The reason behind the pivot reads like a case study in Murnane’s own discipline. Jet.AI built genuine AI products, including a large language model agent for private aviation, then ran into a constraint that no amount of marketing could fix: unreliable uptime for the computational resources those products depended on, which occasionally slowed the company’s ability to serve customers. The bottleneck sat below the algorithm, in the power, land, and compute the products ran on.
So the company went after the bottleneck. Based in Las Vegas, with access to land, solar power, and natural gas, Jet.AI signed a letter of intent for a 50-megawatt project on a 120-acre campus with room to scale toward a full gigawatt. The framing Executive Chairman Mike Winston used was almost a rebuke of the category’s usual rhetoric: the move “isn’t a flashy move, but it’s a smart one,” because data centers are “the bedrock of the AI economy” and create value that is “tangible, stable, and meaningful.”
That is the loss-function test pointed at infrastructure rather than software. The prediction is straightforward: compute demand keeps climbing, and the assets that supply it earn against it. The error is measurable in megawatts delivered and uptime maintained. There is a number on both sides.
Why the loss-function test travels
Murnane’s filter works because it is industry-agnostic. It ignores whether a technology looks impressive and asks instead whether anyone can state what the system is optimizing and check the result against reality.
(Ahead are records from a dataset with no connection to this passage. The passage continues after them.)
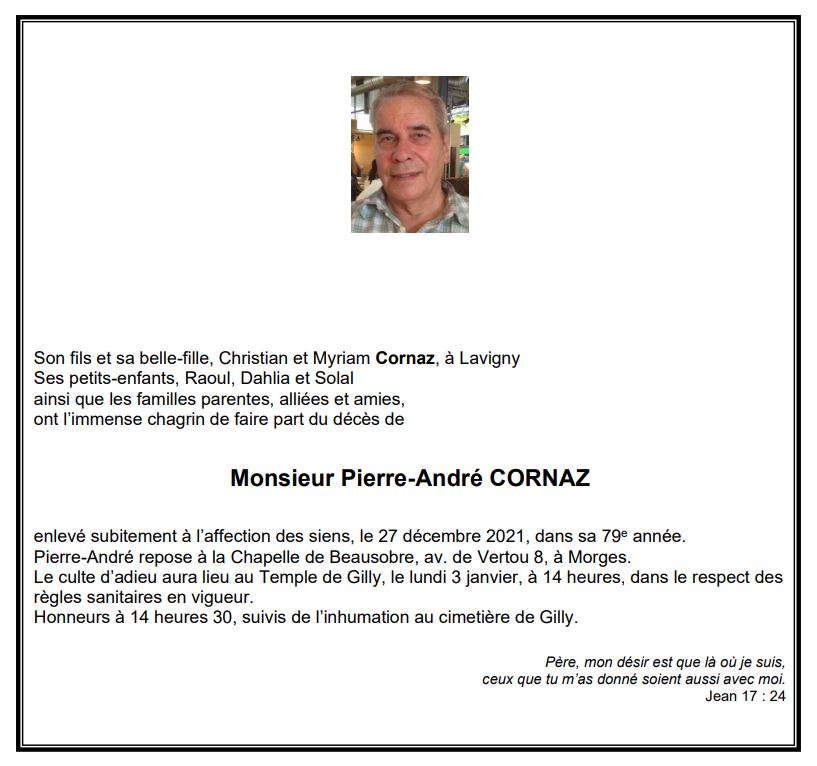Monsieur Pierre-André CORNAZ 29 aoû. 1943 - 27 déc. 2021 Avis mortuaire PFG Télecharger PDF Partager sur: Galerie PreviousNext PreviousNext
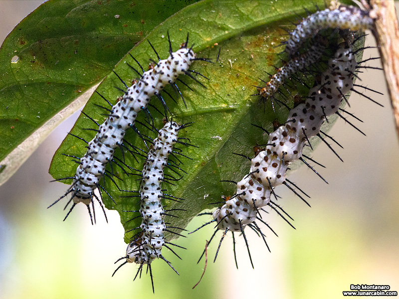 A horde of Zebra Longwing larvae come together on the few leaves left on the passionflower vine they have mostly consumed. Once these leaves are gone these caterpillars will have to come up with a new plan for a meal. It looks like they may have some traveling in their future.
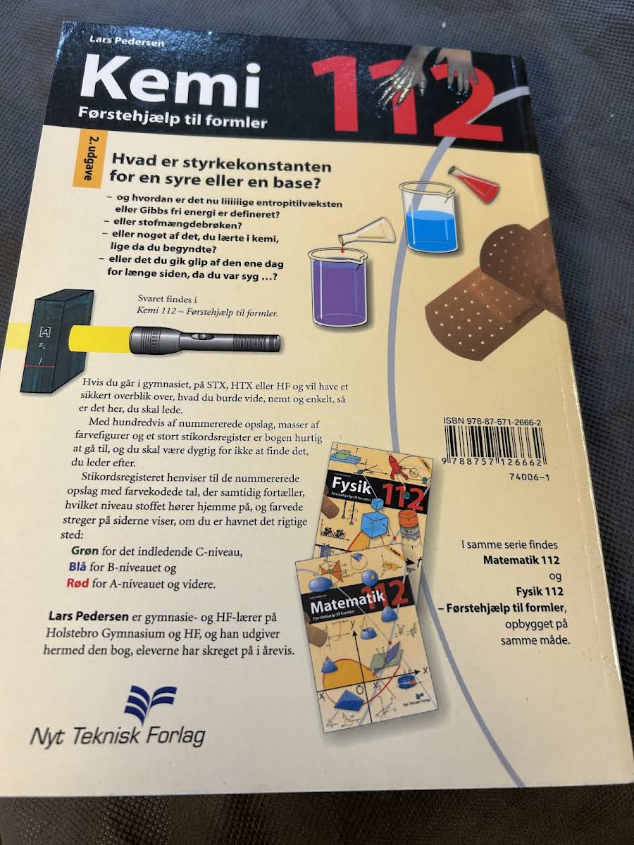 Kemi 112 af Lars Pedersen giver elever på gymnasiet, STX, HTX og HF en praktisk og overskuelig introduktion til kemiens centrale formler. Med fokus på alt fra Gibbs fri energi og entropitilvækst til stoffmængdebrøken, præsenterer denne bog de essensielle redskaber, du behøver for at forstå de fundamentale principper i kemien. Bogens layout er gennemarbejdet med nummererede opslag og farvekodede henvisninger, der hurtigt guider dig til det rette niveau – grøn for C-niveau, blå for B-niveau og rød for A-niveau. På 136 sider har Lars Pedersen, med mange års erfaring som gymnasielærer, samlet en formelsamling, der både assisterer ved repetition og skaber klarhed, når du skal have styr på de vigtigste formler.
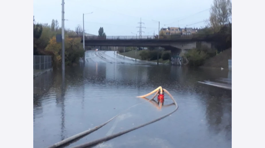 Причината е сериозно наводнение по бул. „Асен Йорданов“ преди „Шипченски проход“. Аварийните екипи и пожарната работят на място.
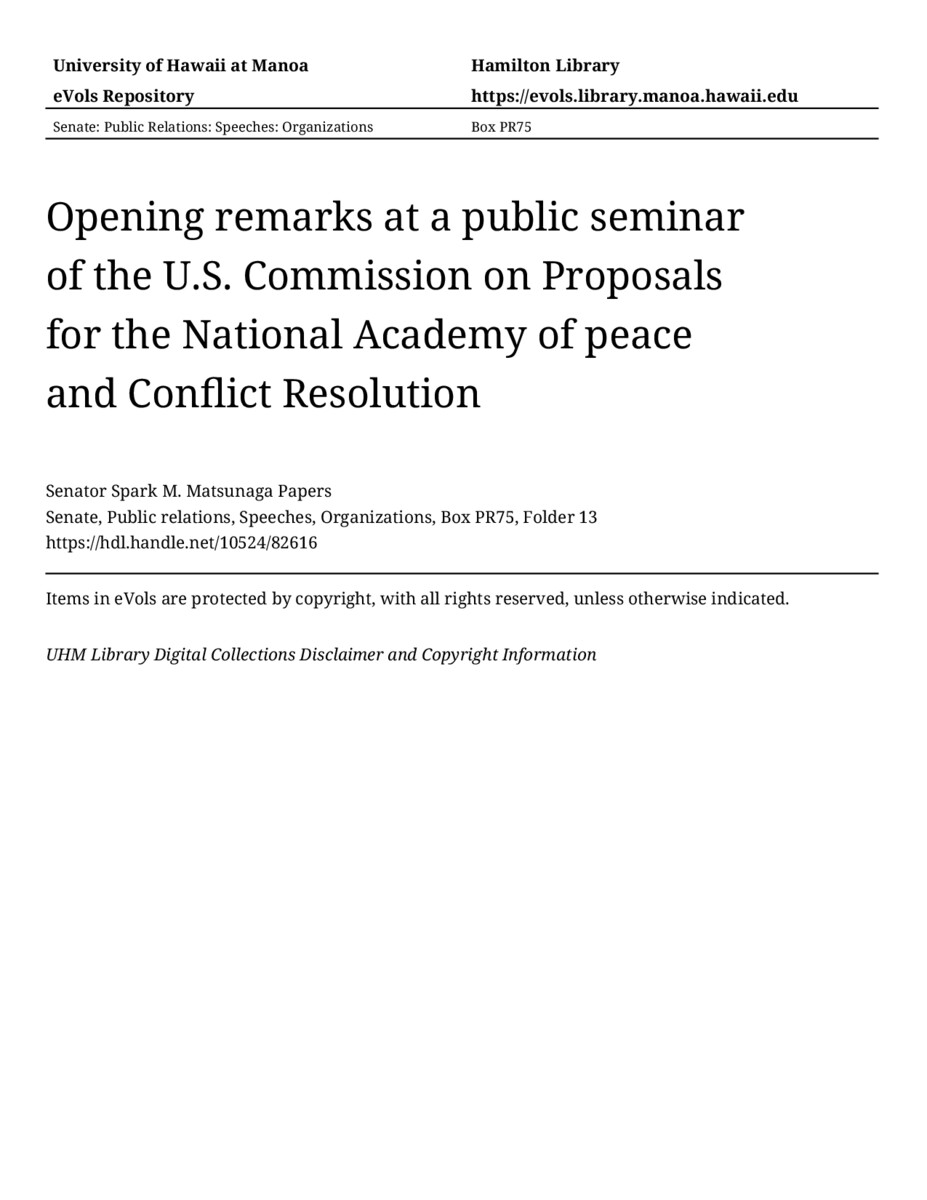 - Opening remarks at a public seminar of the U.S. Commission on Proposals for the National Academy of peace and Conflict Resolution
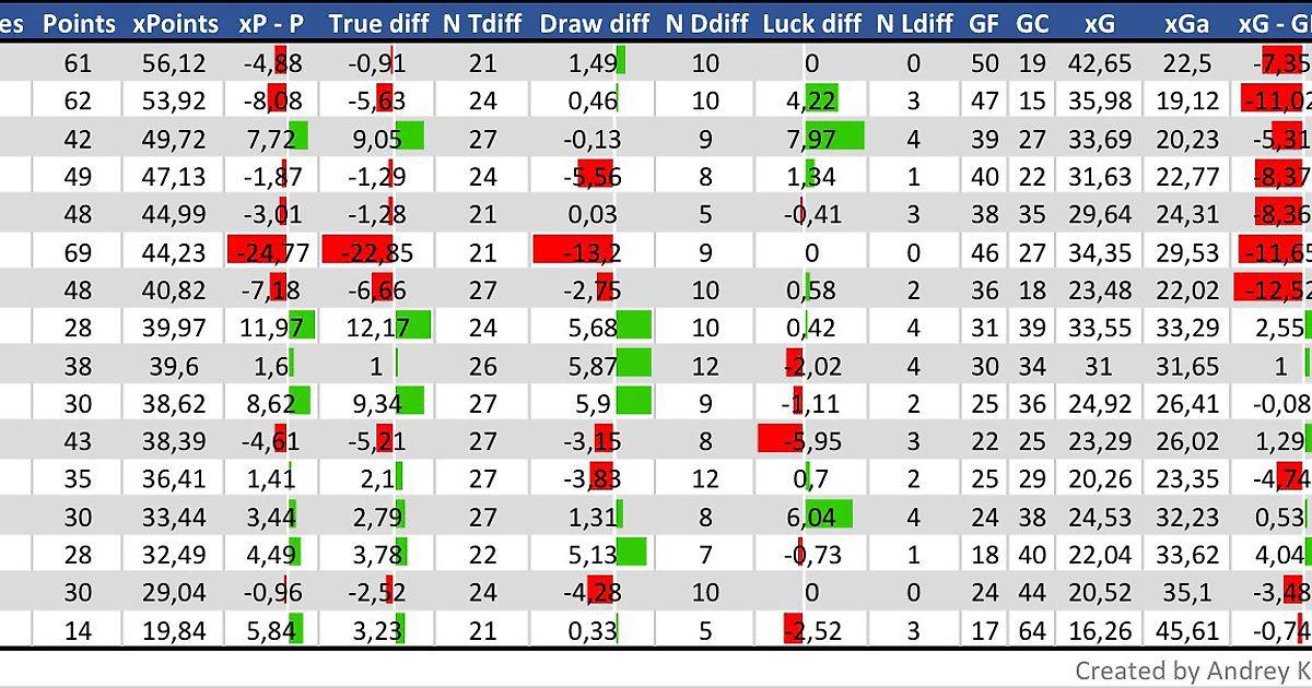 Ниже таблица ожидаемых очков xP и ожидаемых голов за прошлый сезон при Луческу. Далее будем сравнивать с итогами после 30 туров этого сезона. Небольшая подводка за предыдущие сезоны по ожидаемым очкам:
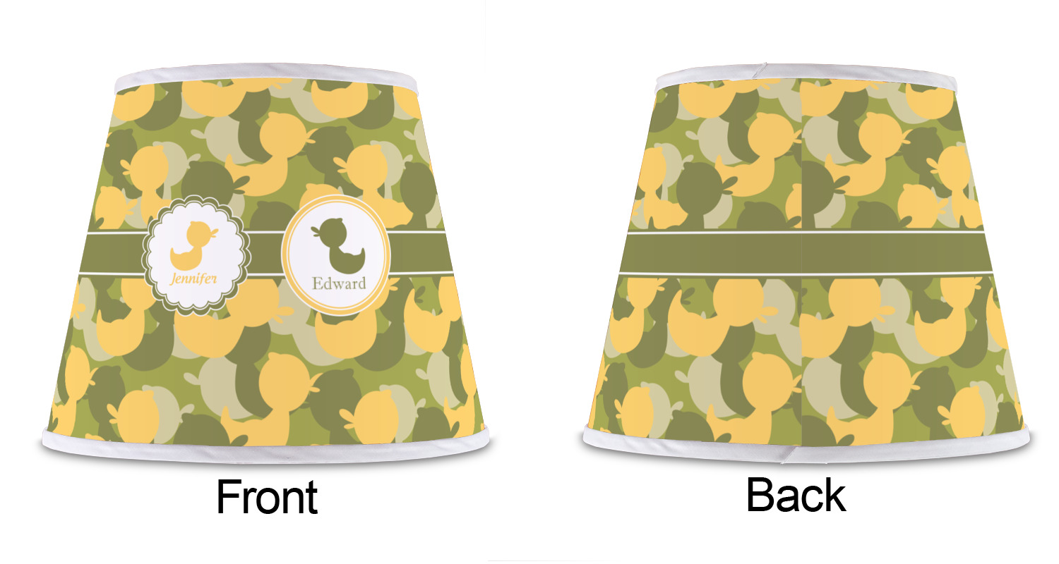 We chose to use a couples / twin personalization on our duck camo design. We used two labels - one is a girl round scalloped, while the second label is a simple round. We used the duck graphics from the camo pattern and used names below the graphics for personalization.
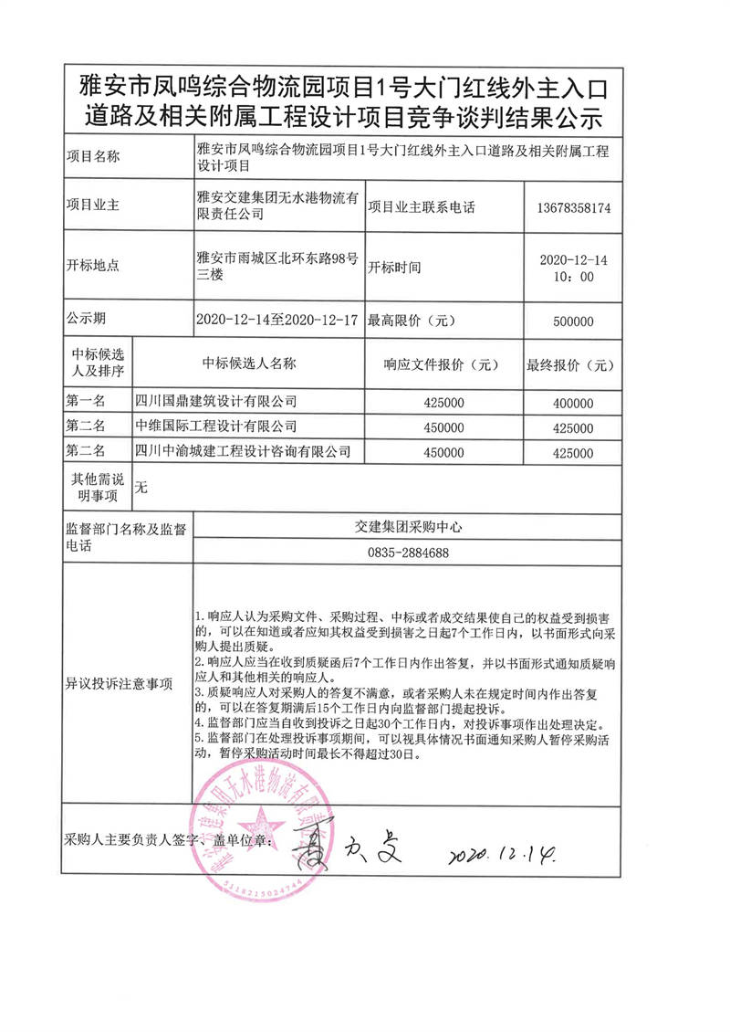 雅安交建集團無水港物流有限責任公司雅安市鳳鳴綜合物流園項目1號大門紅線外主入口道路及相關附屬工程設計項目談判結果公示

That discipline is the through-line of his career, from pricing aircraft assets at global carriers to evaluating a data center SPAC. The same question that exposes a relabeled regression model also exposes an overhyped acquisition target. In both cases, the executive who can describe the objective function is operating from evidence. The one reaching for “smarter” and “seamless” is operating from hope.
For a sector where roughly every company now claims an AI strategy, the value of a one-question screen is that it is fast and hard to fake. Name the prediction. Name the loss function. If those two answers are specific, the technology is likely doing real work. If they dissolve into adjectives, the only thing being optimized is the marketing.